◆ YOUR OBJECTIVE: Nothing but the pictures is dropped; write out all the remaining data below exactly.

Stored data entries
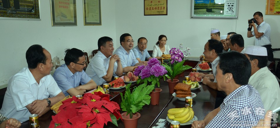 7月29日是穆斯林群众的传统节日开斋节,在穆斯林群众的传统节日开斋节来临之际,7月23日,天水市委常委、统战部部长蒲军、市人大常委会副主任黄孝荣代表市四大组织前往秦安县、麦积区、清水县,看望慰问了穆斯林群众,为他们送去慰问金和慰问品,并祝愿广大穆斯林群众度过一个祥和、美好的节日。
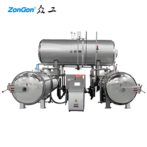 兩臺(tái)殺菌鍋同時(shí)使用一罐熱水工作,比雙層殺菌鍋產(chǎn)能提高一倍。
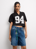 Upgrade your summer wardrobe with this mid wash denim shorts. Featuring a 100% cotton fabric & bermuda fit. You can style ’em with a cropped tank and chunky kicks for a casual flex, or dress ’em up with a fitted blazer and mules either way your slaying babe!
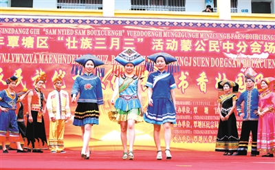 Ndwen 3 ngoenz 28, Bi 2017 Gveigangj Si Cinzdangz Gih “Sam Nyied Sam Bouxcuengh” Hozdung Mungzgungh Minzcungh Faenhoih- ciengz youq ndaw hagdangz Mungzgungh Yangh Minzcuz Cuh- cungh hoenghbanh. Baez hozdung neix dwg youz Cinzdangz Gih Gyauyuzgiz cawjbanh, Cinzdangz Gih Minzcunghgiz、Vwnzlenz、ranghhag Mungzgungh bang banh, Mungz- gungh Minzcungh guhbanh. Hozdung guh miz baijyienj laex couxhek Bouxcuengh (fwen couxhek、gingq laeujndwq haeuxcid)、sibgvenq fug- sug vwnzva Bouxcuengh senhconz、baijlangh son’gyauq cwngzgoj vwnz- va minzcuz hagdangz、baijyienj yisuz vwnzva Bouxcuengh、baijyienj hanghmoeg dijyuz minzcuz、cimz gwn gijgwn haekfeih Bouxcuengh caeuq aen gyangjco lauxhangz gangj cihsiz vwnzva Bouxcuengh daengj. Cinz Gvanghcin yanghcangj daengj 15 boux beixnuengx Daizvanh daj Vahlenz Yen Suisui Yangh daeuj haenx caemh youq Gveigangj Si Minzcunghveij cujyin Cinz Hungz、Gveigangj Sih Daizban cujyin Cwng Cujveij、Cinzdangz Gih gihcangj Cangh Gingjlenz daengj bouxdaeuz- hung guhbuenx lajde caez caeuq gyoengq lauxsae hagseng Cinzdangz Gih 8 aen Cuengh Gun song saw vah sonhag saedniemh hagdangz camgya le baez hozdung neix.
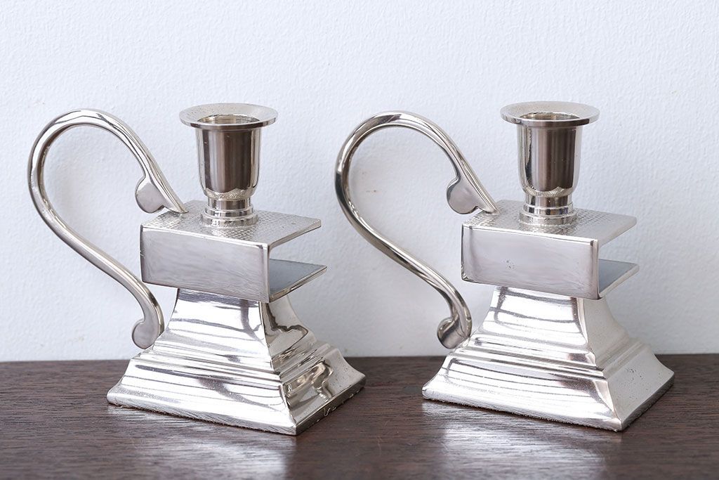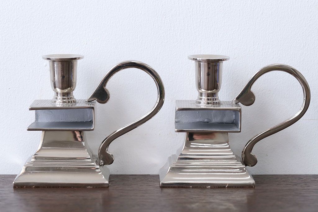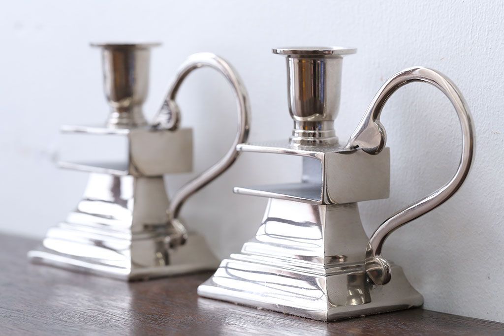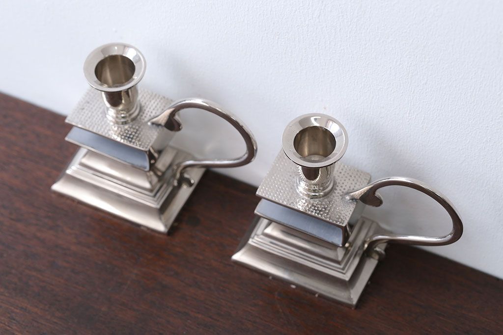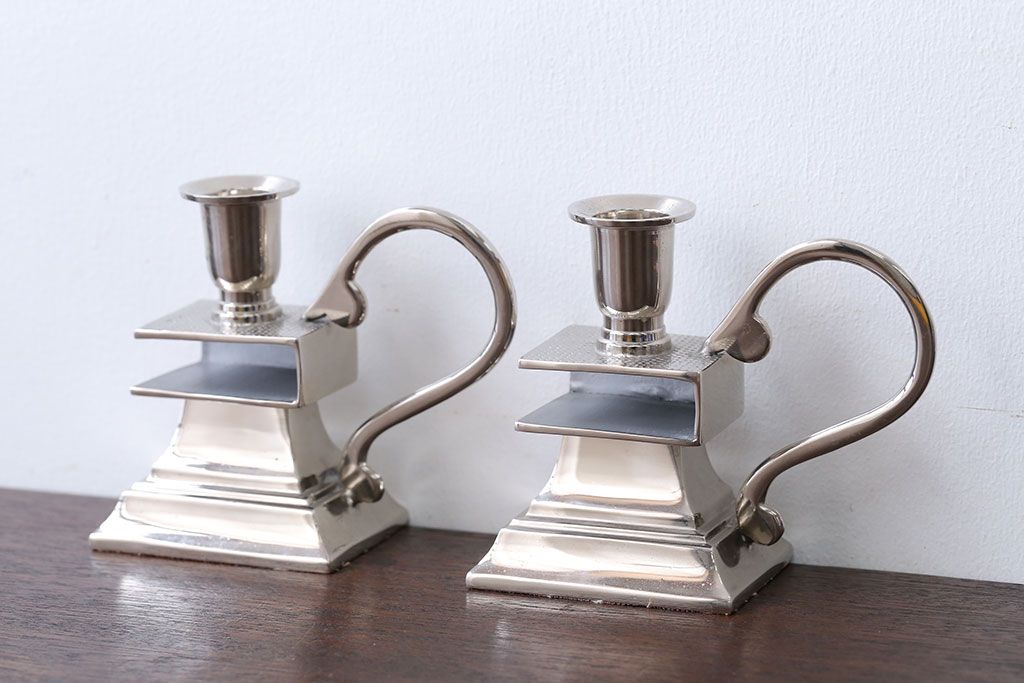 アンティーク雑貨 イギリスアンティーク 取っ手付きキャンドルスタンドペアセット
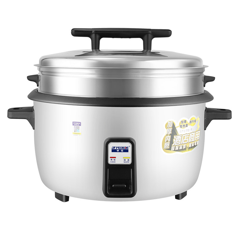 半球电饭锅商用大容量,专为10L-30人用餐场景设计,适用于学校食堂、酒店后厨、工地餐厅等场所。采用优质加厚内胆,受热均匀,米饭香甜可口,支持煮饭、煲汤、蒸煮多功能一体。配备不锈钢蒸笼,可同时蒸菜、蒸点心,提升烹饪效率。大功率加热,快速升温,节能耐用,操作简单,安全可靠。整机结构坚固,防干烧保护,适合长时间高强度使用。正品保障,品质可靠,是商用厨房的理想选择,满足大批量用餐需求,兼顾效率与口感,助力餐饮运营高效省心。
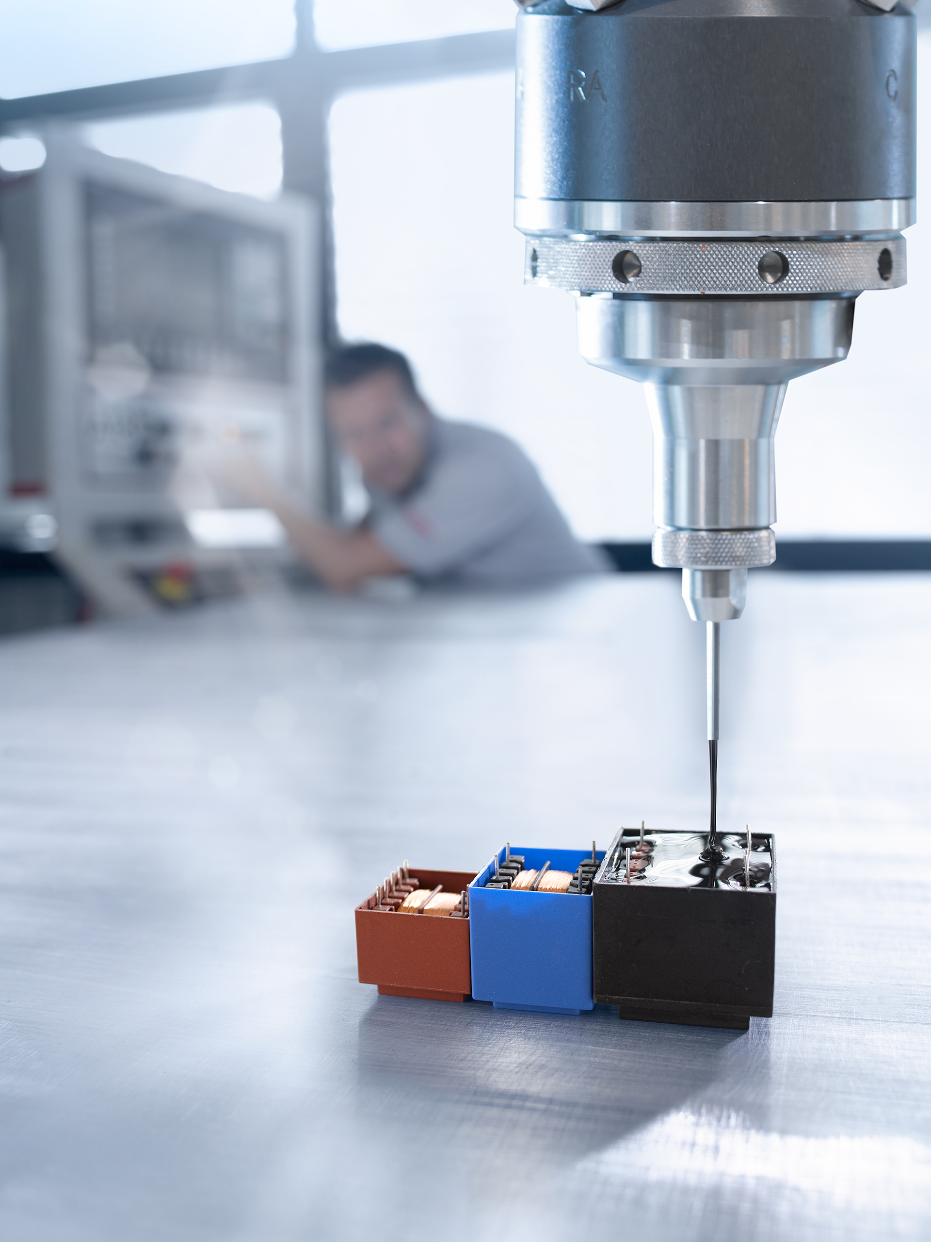Mit professionellen Misch- und Dosieranlagen wird die Vergussmasse exakt dosiert und gleichmäßig verteilt, um Hohlräume zu vermeiden und vollständigen Schutz zu gewährleisten.
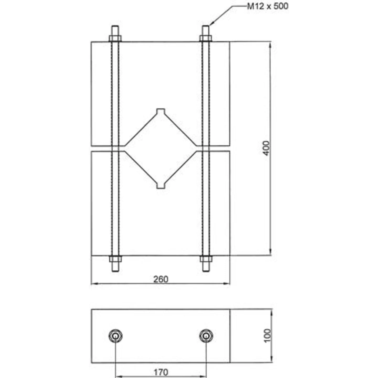 Betonplade fundament for Ø100-140mm mast. Sæt med betonplader(260x200x110 2Stk) 22kg ,gevindstænger,skiver (M12x500) og møtrikker

◆ SOLUTION FOR THIS EXERCISE:
 7月29日是穆斯林群众的传统节日开斋节,在穆斯林群众的传统节日开斋节来临之际,7月23日,天水市委常委、统战部部长蒲军、市人大常委会副主任黄孝荣代表市四大组织前往秦安县、麦积区、清水县,看望慰问了穆斯林群众,为他们送去慰问金和慰问品,并祝愿广大穆斯林群众度过一个祥和、美好的节日。
 兩臺(tái)殺菌鍋同時(shí)使用一罐熱水工作,比雙層殺菌鍋產(chǎn)能提高一倍。
 Upgrade your summer wardrobe with this mid wash denim shorts. Featuring a 100% cotton fabric & bermuda fit. You can style ’em with a cropped tank and chunky kicks for a casual flex, or dress ’em up with a fitted blazer and mules either way your slaying babe!
 Ndwen 3 ngoenz 28, Bi 2017 Gveigangj Si Cinzdangz Gih “Sam Nyied Sam Bouxcuengh” Hozdung Mungzgungh Minzcungh Faenhoih- ciengz youq ndaw hagdangz Mungzgungh Yangh Minzcuz Cuh- cungh hoenghbanh. Baez hozdung neix dwg youz Cinzdangz Gih Gyauyuzgiz cawjbanh, Cinzdangz Gih Minzcunghgiz、Vwnzlenz、ranghhag Mungzgungh bang banh, Mungz- gungh Minzcungh guhbanh. Hozdung guh miz baijyienj laex couxhek Bouxcuengh (fwen couxhek、gingq laeujndwq haeuxcid)、sibgvenq fug- sug vwnzva Bouxcuengh senhconz、baijlangh son’gyauq cwngzgoj vwnz- va minzcuz hagdangz、baijyienj yisuz vwnzva Bouxcuengh、baijyienj hanghmoeg dijyuz minzcuz、cimz gwn gijgwn haekfeih Bouxcuengh caeuq aen gyangjco lauxhangz gangj cihsiz vwnzva Bouxcuengh daengj. Cinz Gvanghcin yanghcangj daengj 15 boux beixnuengx Daizvanh daj Vahlenz Yen Suisui Yangh daeuj haenx caemh youq Gveigangj Si Minzcunghveij cujyin Cinz Hungz、Gveigangj Sih Daizban cujyin Cwng Cujveij、Cinzdangz Gih gihcangj Cangh Gingjlenz daengj bouxdaeuz- hung guhbuenx lajde caez caeuq gyoengq lauxsae hagseng Cinzdangz Gih 8 aen Cuengh Gun song saw vah sonhag saedniemh hagdangz camgya le baez hozdung neix.
 アンティーク雑貨 イギリスアンティーク 取っ手付きキャンドルスタンドペアセット
 半球电饭锅商用大容量,专为10L-30人用餐场景设计,适用于学校食堂、酒店后厨、工地餐厅等场所。采用优质加厚内胆,受热均匀,米饭香甜可口,支持煮饭、煲汤、蒸煮多功能一体。配备不锈钢蒸笼,可同时蒸菜、蒸点心,提升烹饪效率。大功率加热,快速升温,节能耐用,操作简单,安全可靠。整机结构坚固,防干烧保护,适合长时间高强度使用。正品保障,品质可靠,是商用厨房的理想选择,满足大批量用餐需求,兼顾效率与口感,助力餐饮运营高效省心。
Mit professionellen Misch- und Dosieranlagen wird die Vergussmasse exakt dosiert und gleichmäßig verteilt, um Hohlräume zu vermeiden und vollständigen Schutz zu gewährleisten.
 Betonplade fundament for Ø100-140mm mast. Sæt med betonplader(260x200x110 2Stk) 22kg ,gevindstænger,skiver (M12x500) og møtrikker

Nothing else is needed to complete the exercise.